Reginaldo Lopes optou por manter uma das mudanças feitas pelo Senado, a retirada de armas e munições do chamado “imposto do pecado”.

O relator afirmou que rejeitou as mudanças do Senado para aproximar a alíquota de referência dos novos tributos em 26,5% definidos no texto original.

Com as alterações feitas pelos senadores, o IVA, o Imposto sobre Valor Agregado que vai substituir os impostos vigentes no Brasil, teve uma previsão de alíquota para 28,5%, o que tornaria o Brasil o país com a maior cobrança tributária do planeta.

De acordo com o texto da Reforma Tributária, um período de transição entre 2026 e 2032 vai fazer com que três novos tributos, o Imposto sobre Bens e Serviços, a Contribuição sobre Bens e Serviços e o Imposto Seletivo, substituam os atuais PIS, Cofins, IPI, ICMS e ISS, já com a alíquota padrão sendo implementada.

Segundo o deputado federal Saullo Vianna (União-AM), foi mantido o acordo de líderes dos partidos da Câmara, os parlamentares deverão aprovar, nesta terça-feira, o relatório do senador Eduardo Braga (MDB-AM) ao PLP 68, que regulamenta a Reforma Tributária, com praticamente todos os pontos que devolviam a competitividade da Zona Franca de Manaus.

“Nós, da bancada, nos articulamos com os nossos partidos. Eu, particularmente, tive o apoio do líder do União Brasil, deputado Elmar Nascimento, à nossa Zona Franca de Manaus. Iniciamos a discussão nesta segunda-feira. E se o acordo de votar o PLP sem destaques for assegurado, nós teremos a vitória que tanto precisamos para a Amazonas”, disse.

A única alteração proposta pelo relator da matéria na Câmara, deputado Reginaldo Lopes (PT-MG), que atinge a ZFM, foi a reinclusão das bebidas açucaradas, como refrigerantes, sucos e energéticos, na lista do Imposto Seletivo, bens e serviços prejudiciais à saúde e ao meio ambiente, que pagarão tributo acima da alíquota padrão.
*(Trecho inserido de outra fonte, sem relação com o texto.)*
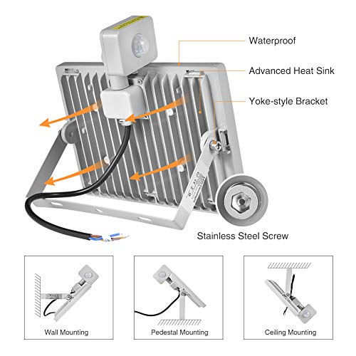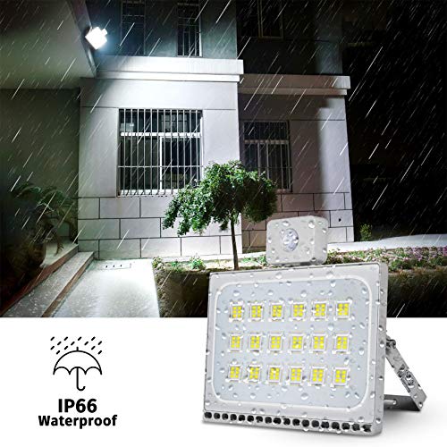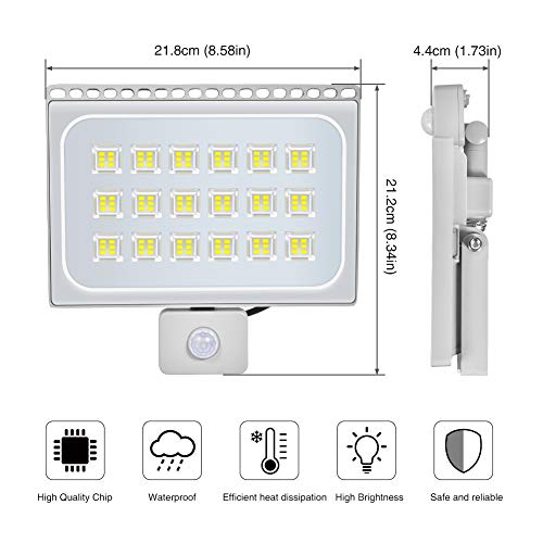 Reflektor LED 100 W, wodoodporny IP65, światła bezpieczeństwa z czujnikiem ruchu, 10000 lm 6500 K zimna biel światła bezpieczeństwa na zewnątrz światło ogrodowe na plac zabaw podwórko magazyn garażu [klasa energetyczna A+]

O relator também retirou a possibilidade de redução do Seletivo para empresas que realizassem ações de mitigação de danos ambientais ou à saúde humana.

Vianna acredita que a votação do Projeto de Lei Complementar 68/2024, um dos que regulamentam a Reforma Tributária, será rápida e favorável ao Amazonas.

Sobre a possibilidade de reverter a decisão de Lopes quanto às bedidas açucaradas, Saullo Vianna afirmou que uma alteração de última hora não está totalmente descartada, no entanto, o parlamentar amazonense reforçou que acha pouco provável que este ponto mude após o acordo de líderes.

“Existe uma diferença entre as bebidas açucaradas e os concentrados. Mais importante para o Amazonas são os concentrados de refrigerante, que mantém a maioria das vantagens comparativas do nosso polo industrial”, afirmou Vianna.

“A previsão é de que o relatório do senador @eduardobraga_am seja aprovado praticamente como veio do Senado, restituindo a competividade da ZFM”, finalizou.